Please rob me: when social networking turns risky

As social networking becomes more and more ingrained in people’s lives, many incautious, naive, or new users may be inadvertently heightening their risk of becoming a crime victim.
A site called graphically illustrates this point by highlighting recent tweets in which Twitter users are telling followers where they can be found. The site is simply aggregating public information that is available to anyone – you, me … and crooks. As the site founder notes,

“The danger is publicly telling people where you are. This is because it leaves one place you’re definitely not… home. So here we are; on one end we’re leaving lights on when we’re going on a holiday, and on the other we’re telling everybody on the internet we’re not home.”
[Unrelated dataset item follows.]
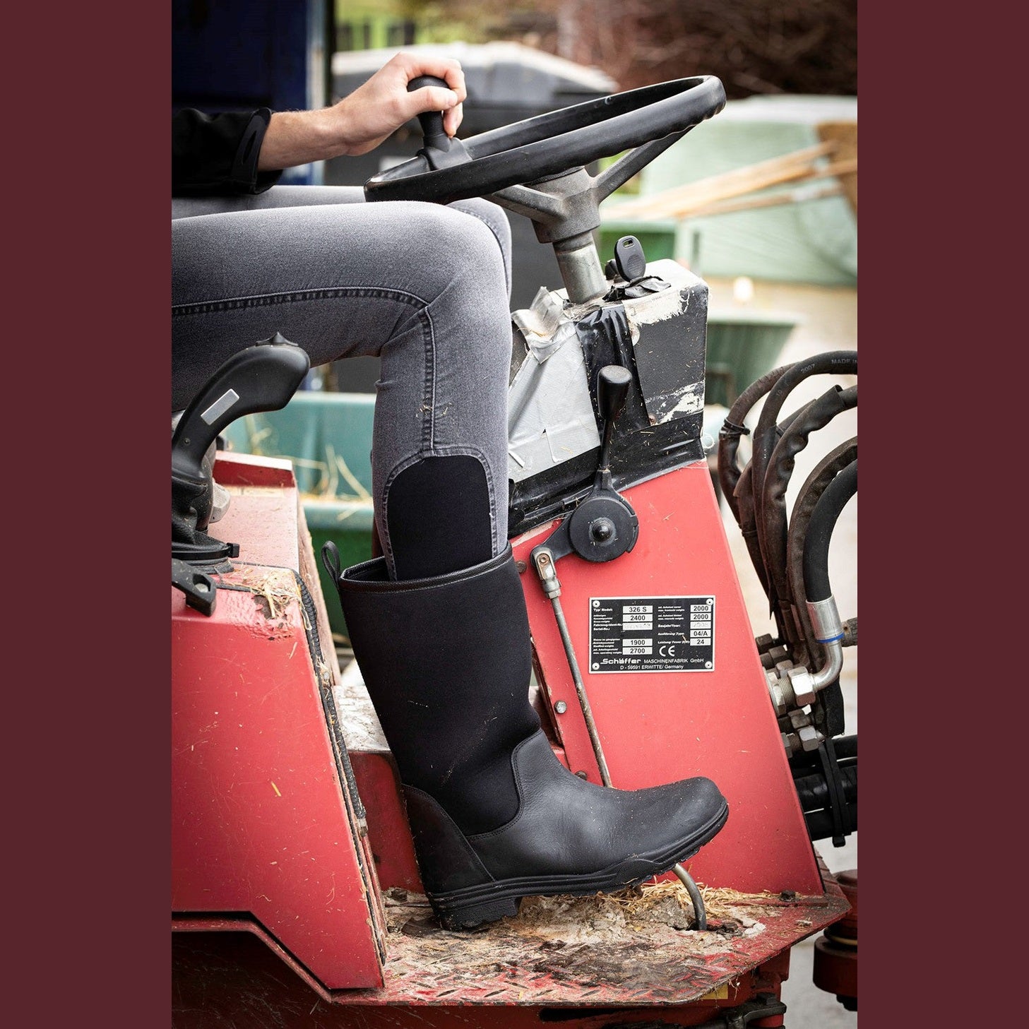 Botte d'extérieur imperméable. Le pied est en cuir et la tige en néoprène. La botte est dotée d'une semelle souple en TPR et l'intérieur est doublé d'une membrane imperméable.

The goal of the site is to raise awareness of the potential dangers of location sharing and to make people think twice about the way they are using various social tools such as Twitter, Foursquare, Brightkite, Google Buzz, and Facebook.
Last June, we posted Careful what you Tweet – crooks could be using social networks, too, about the highly publicized case of an active social networker who Twittered about his trip only to return home to find that his home had been burglarized while he was away. While the dangers of the Internet can sometimes be overly dramatized in the media, raising awareness of how social media tools are used is a worthy goal. It’s a new era of heightened transparency and we all need to learn to step with care.